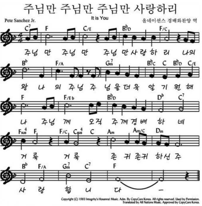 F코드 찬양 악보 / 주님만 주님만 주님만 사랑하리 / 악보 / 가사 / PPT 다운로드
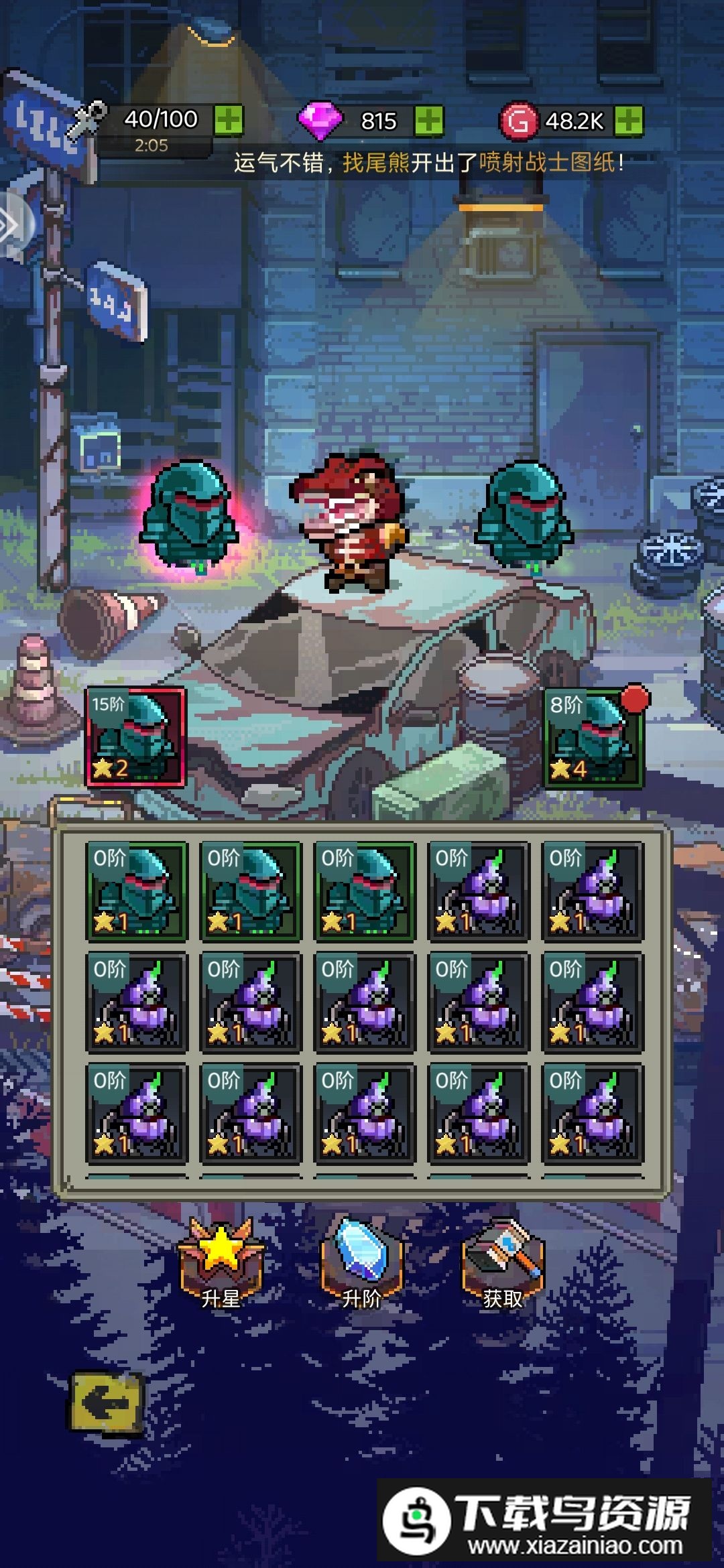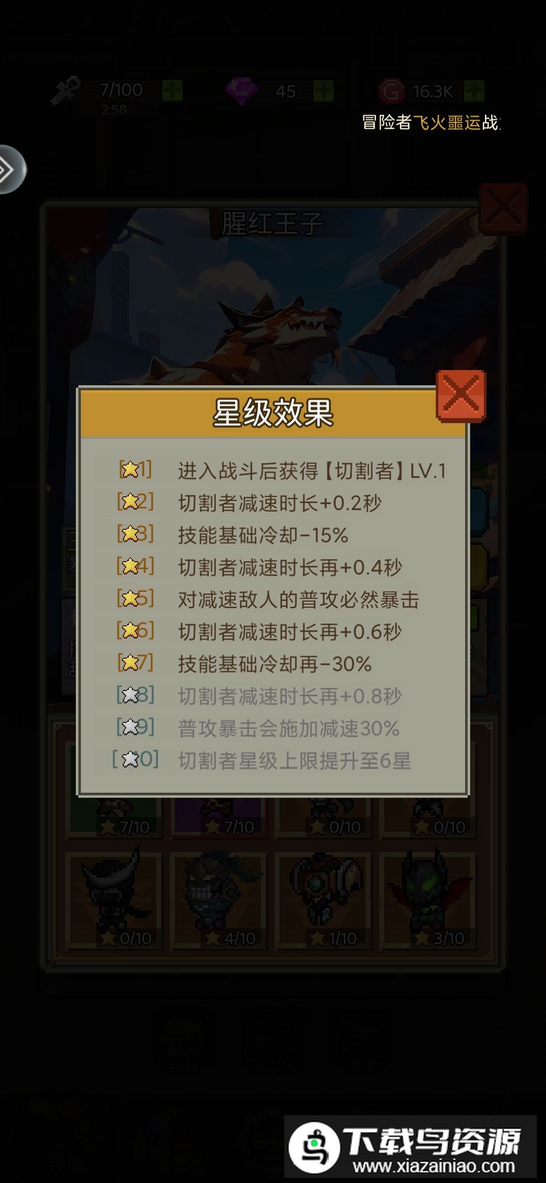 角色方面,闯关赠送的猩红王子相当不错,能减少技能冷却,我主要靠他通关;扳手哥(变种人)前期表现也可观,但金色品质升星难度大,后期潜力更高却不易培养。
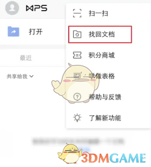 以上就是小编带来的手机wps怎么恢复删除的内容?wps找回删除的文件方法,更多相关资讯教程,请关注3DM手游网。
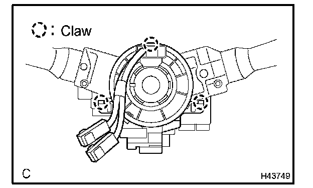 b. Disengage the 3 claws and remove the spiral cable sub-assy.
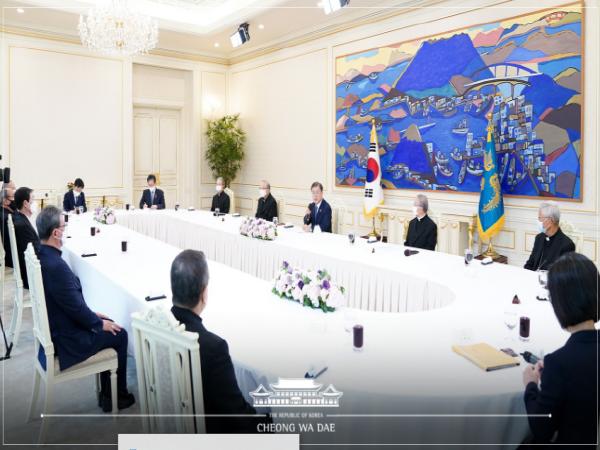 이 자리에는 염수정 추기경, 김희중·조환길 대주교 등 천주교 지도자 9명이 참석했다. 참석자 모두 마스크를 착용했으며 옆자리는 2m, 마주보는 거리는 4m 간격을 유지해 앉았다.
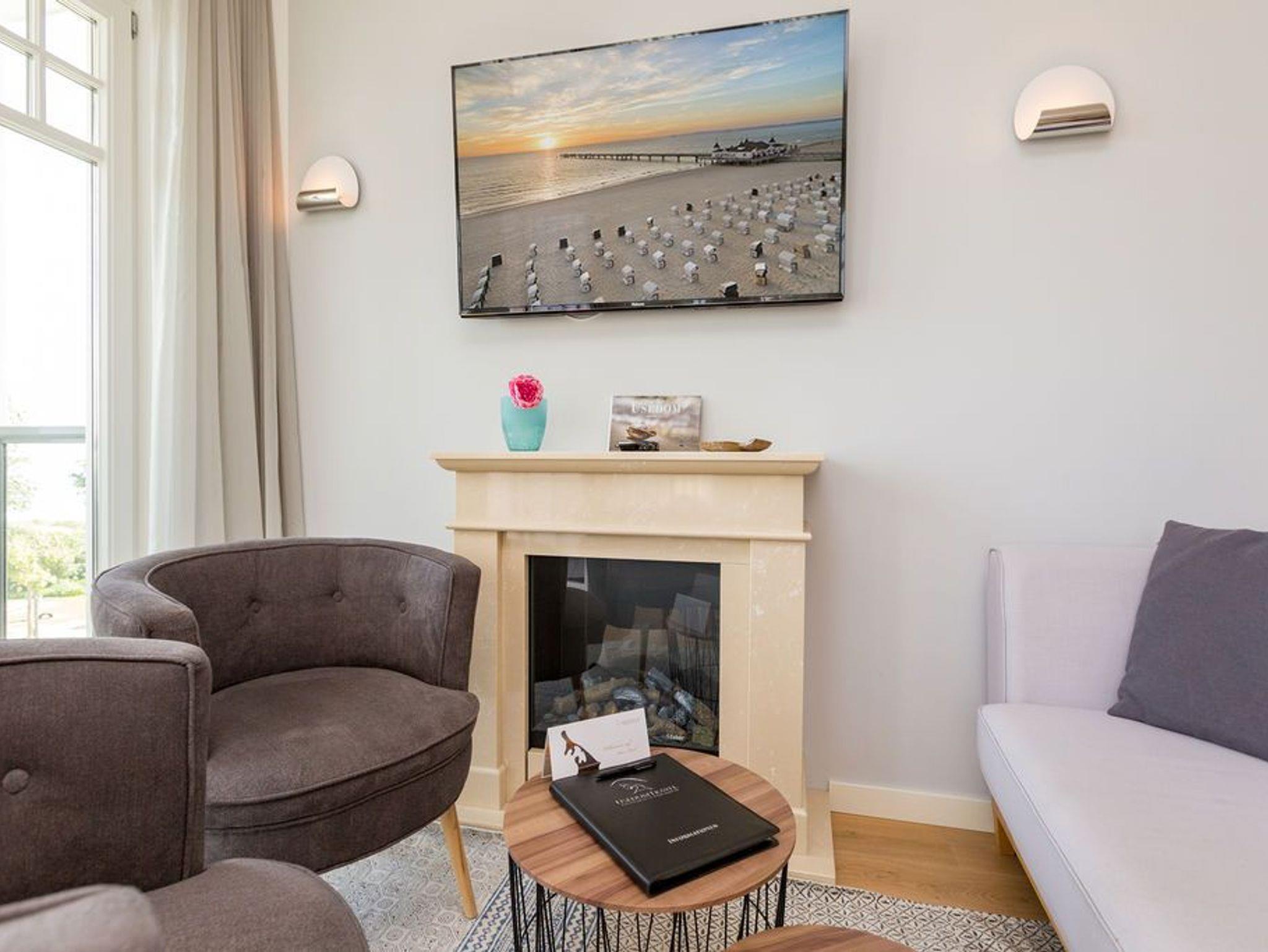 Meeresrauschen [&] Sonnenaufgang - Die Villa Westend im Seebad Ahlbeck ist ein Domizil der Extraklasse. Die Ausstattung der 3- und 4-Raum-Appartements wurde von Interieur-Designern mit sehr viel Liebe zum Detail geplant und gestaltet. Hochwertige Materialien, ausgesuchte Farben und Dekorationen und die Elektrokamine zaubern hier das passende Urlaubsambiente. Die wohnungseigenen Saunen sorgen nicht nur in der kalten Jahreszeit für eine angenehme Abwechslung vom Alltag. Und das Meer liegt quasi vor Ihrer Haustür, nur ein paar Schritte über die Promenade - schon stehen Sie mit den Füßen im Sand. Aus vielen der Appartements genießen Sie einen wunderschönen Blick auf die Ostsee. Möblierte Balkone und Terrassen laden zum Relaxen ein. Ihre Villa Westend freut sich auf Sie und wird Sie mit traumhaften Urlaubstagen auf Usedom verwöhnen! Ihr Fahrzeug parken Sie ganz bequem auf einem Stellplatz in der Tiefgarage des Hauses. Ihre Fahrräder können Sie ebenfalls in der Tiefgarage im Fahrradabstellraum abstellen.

• [Task] Your task is to restate word for word the lines from the top of the data to the line containing "이 자리에는 염수정 추기경, 김희중·조환길", both ends included, with every picture left out.

• [Task result]
 F코드 찬양 악보 / 주님만 주님만 주님만 사랑하리 / 악보 / 가사 / PPT 다운로드
 角色方面,闯关赠送的猩红王子相当不错,能减少技能冷却,我主要靠他通关;扳手哥(变种人)前期表现也可观,但金色品质升星难度大,后期潜力更高却不易培养。
 以上就是小编带来的手机wps怎么恢复删除的内容?wps找回删除的文件方法,更多相关资讯教程,请关注3DM手游网。
 b. Disengage the 3 claws and remove the spiral cable sub-assy.
 이 자리에는 염수정 추기경, 김희중·조환길 대주교 등 천주교 지도자 9명이 참석했다. 참석자 모두 마스크를 착용했으며 옆자리는 2m, 마주보는 거리는 4m 간격을 유지해 앉았다.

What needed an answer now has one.